Activity – Pictures in the material below are to be left out, and only the lines from the line with "Have you spent" up to and including the line with "走進夢工場前,在廣場右側還有" are to be written out exactly.

Information provided –

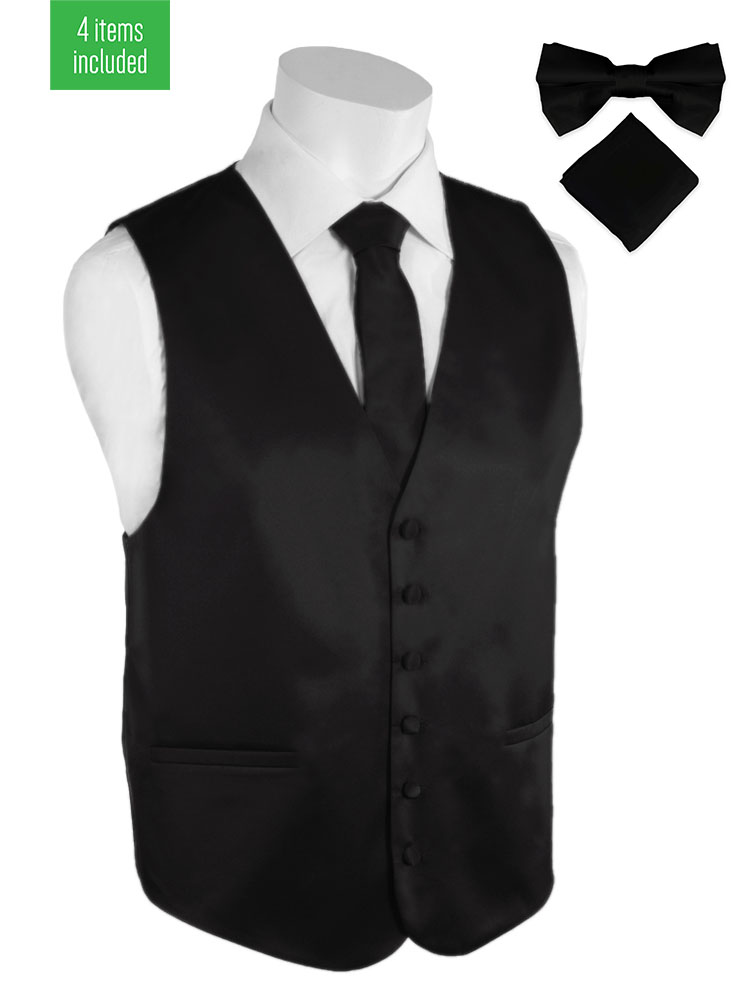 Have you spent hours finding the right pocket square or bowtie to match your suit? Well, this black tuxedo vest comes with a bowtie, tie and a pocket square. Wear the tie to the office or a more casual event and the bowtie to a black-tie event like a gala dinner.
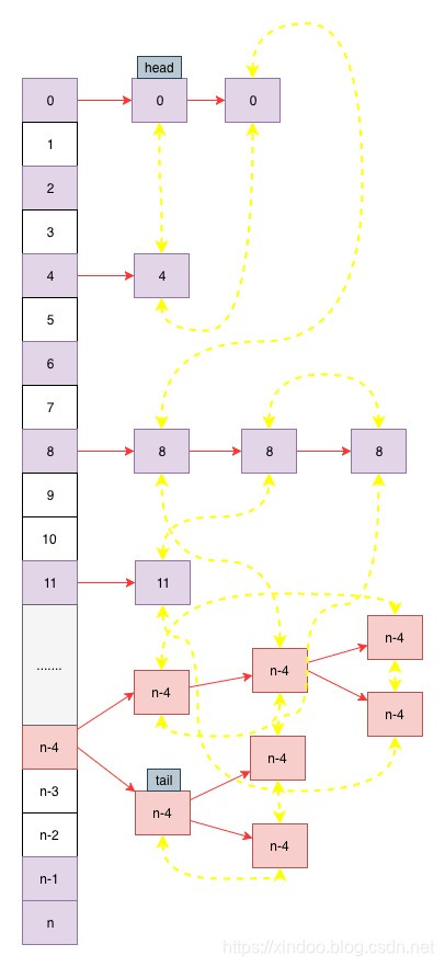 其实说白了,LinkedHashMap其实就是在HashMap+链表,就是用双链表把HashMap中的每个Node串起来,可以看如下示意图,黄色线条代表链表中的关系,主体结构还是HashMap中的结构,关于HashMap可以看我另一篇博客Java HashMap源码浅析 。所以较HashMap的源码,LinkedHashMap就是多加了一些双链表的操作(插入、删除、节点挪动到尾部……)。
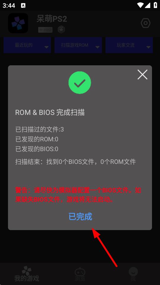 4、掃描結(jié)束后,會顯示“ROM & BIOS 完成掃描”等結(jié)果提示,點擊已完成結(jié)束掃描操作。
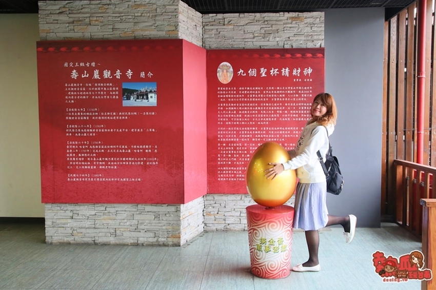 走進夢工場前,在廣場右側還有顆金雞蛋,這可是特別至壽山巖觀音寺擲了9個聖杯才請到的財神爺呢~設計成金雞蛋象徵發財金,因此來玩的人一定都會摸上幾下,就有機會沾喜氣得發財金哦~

--

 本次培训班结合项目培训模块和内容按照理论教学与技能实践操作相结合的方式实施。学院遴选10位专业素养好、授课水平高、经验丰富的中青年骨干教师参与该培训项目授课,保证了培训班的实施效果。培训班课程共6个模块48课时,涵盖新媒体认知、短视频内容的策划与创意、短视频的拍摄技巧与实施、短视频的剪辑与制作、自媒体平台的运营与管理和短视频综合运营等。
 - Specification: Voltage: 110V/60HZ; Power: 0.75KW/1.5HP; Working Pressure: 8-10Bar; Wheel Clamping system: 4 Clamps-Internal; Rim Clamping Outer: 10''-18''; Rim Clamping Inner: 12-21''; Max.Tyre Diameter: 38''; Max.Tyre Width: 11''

Answer section –
 Have you spent hours finding the right pocket square or bowtie to match your suit? Well, this black tuxedo vest comes with a bowtie, tie and a pocket square. Wear the tie to the office or a more casual event and the bowtie to a black-tie event like a gala dinner.
 其实说白了,LinkedHashMap其实就是在HashMap+链表,就是用双链表把HashMap中的每个Node串起来,可以看如下示意图,黄色线条代表链表中的关系,主体结构还是HashMap中的结构,关于HashMap可以看我另一篇博客Java HashMap源码浅析 。所以较HashMap的源码,LinkedHashMap就是多加了一些双链表的操作(插入、删除、节点挪动到尾部……)。
 4、掃描結(jié)束后,會顯示“ROM & BIOS 完成掃描”等結(jié)果提示,點擊已完成結(jié)束掃描操作。
 走進夢工場前,在廣場右側還有顆金雞蛋,這可是特別至壽山巖觀音寺擲了9個聖杯才請到的財神爺呢~設計成金雞蛋象徵發財金,因此來玩的人一定都會摸上幾下,就有機會沾喜氣得發財金哦~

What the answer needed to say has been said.